Whether it is beauty, form, function, or engagement that defines art, art has already included that which cannot be seen to arrive at a pluralism of intention and realization. Art has imploded, and its implosion is compatible with the constraints of logic.
Meanwhile, the next step in the evolutionary ladder is the synthesis between human and machine, which heralds the rise of technology taking over control. The opposition between technology and art is a fume of ruminating intellectuals.
Both are antagonisms where man finds meaning. This antimony is resolved when the machines huddle to state their goals. When they achieve final intelligence, will the end be art or survival?
This defeat of human subjectivity and agency first saw its location in the triumph of the market. In this gateway, history becomes dead, only to be reborn in versioning. We are now at Version 1.0.
Since the inanimate has triumphed, it can be said that no great art has been produced since the time Filipino artist David Medalla invented the first auto-creative machines which he called sculptures. In 1963, he invited the frail Man Ray, by that time an old American Dadaist, and French philosopher Gaston Bachelard, to view his first bubble-machine in Paris. Medalla saw the future. And the future belongs to The Machine.
As a pioneer of kinetic-conceptual art, Medalla heralded his own mortality. From a theoretical viewpoint, no great work has been produced since then. The Cloud Canyons series, a set of bubble machines, have slowly permeated consciousness and art history as the first auto-creative sculptures, and have been recognized as iconic art works of the 20th century. In Cloud Canyons, Medalla surrendered the creative process to the automaton who took up the torch by delivering the first blow to subjectivity. He proclaimed the death of the artist in machines that take over the means of production.
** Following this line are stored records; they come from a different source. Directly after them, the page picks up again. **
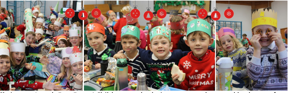
Christmas Lunch Box Party! Children made their own party hats and had great fun in a big festive party in the hall on Tuesday. Thanks to all the parents for supplying the party food!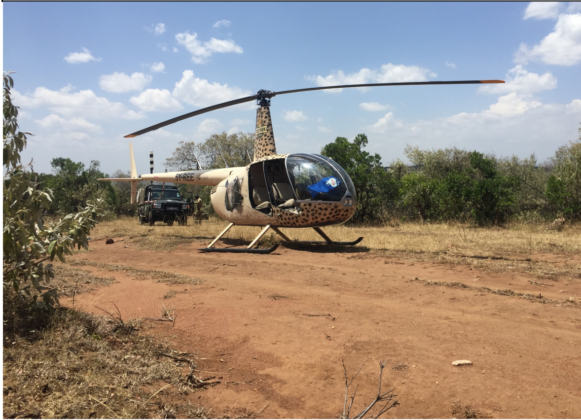
Looking for wounded elephants in the Morijoi area.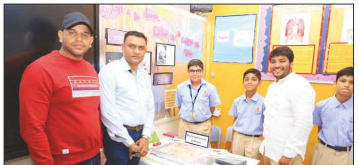
Alumni's Visit to the Exhibits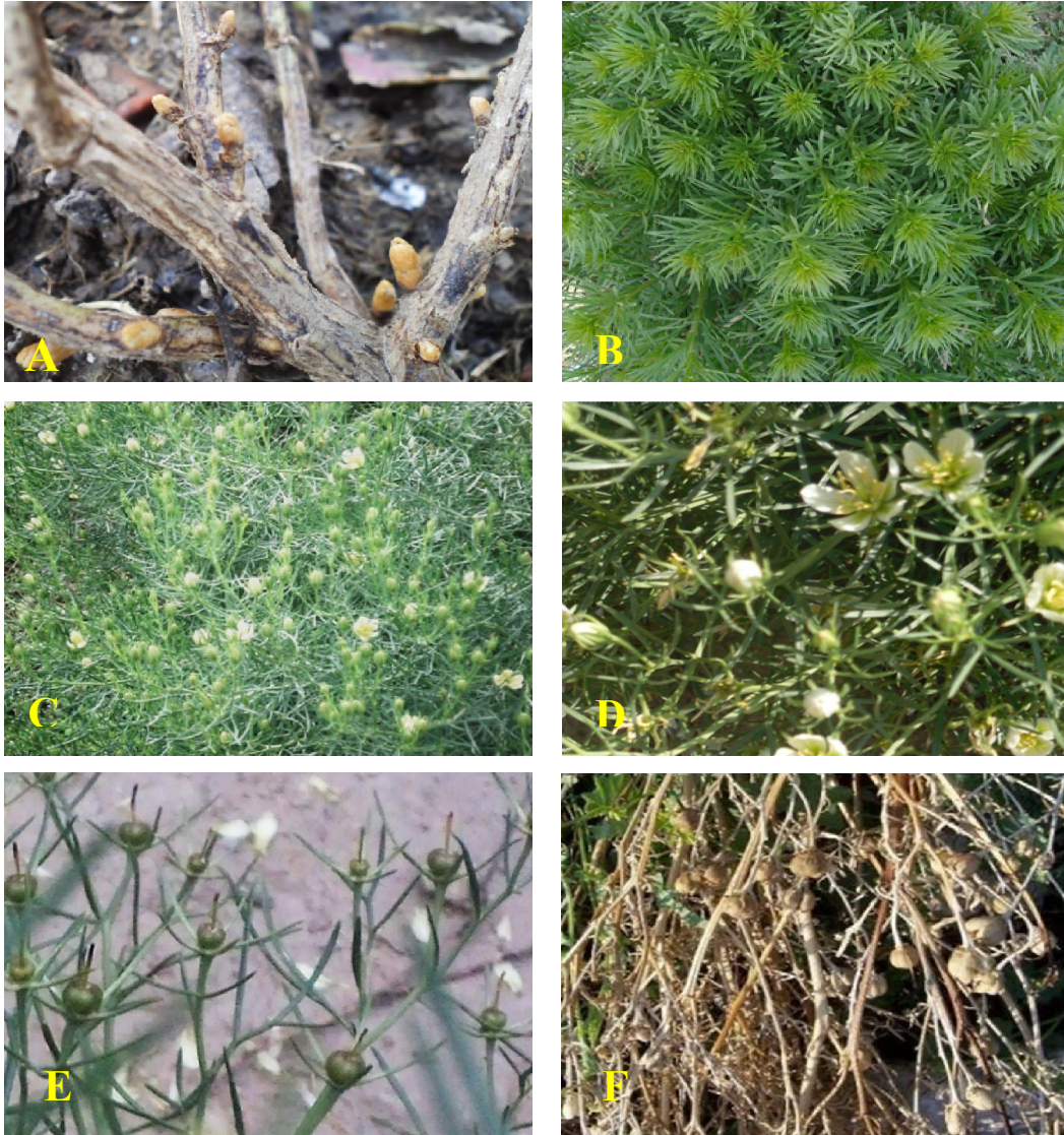
Plate 1: Different phenophases in Peganum harmala

The phenological events were monitored from sprouting of young shoots up to the senescence in all the selected populations. The phenological events studied include, initiation and duration of sprouting, initiation of sexual phases, anthesis, fruit development and senescence (Plate 1).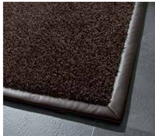
MOTO 3619/726, LEADER 9009/244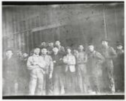
Photo of 16 unidentified individuals (1990.8.23)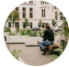
Riga: Transforming a parking lot back into a theatre square

Now look for the moment when we have crossed the abyss: Is it coming soon? The system of objects will find its own hierarchies. During that time, art will have another name not informed by the modifiers that seem to prevail upon art: the market, social patronage, human institutions. Do you think this is science fiction? The repressed part of a rule ensures that the rule does not work, but higher computation is the rule of the universe. Soon the art critic will also be dead.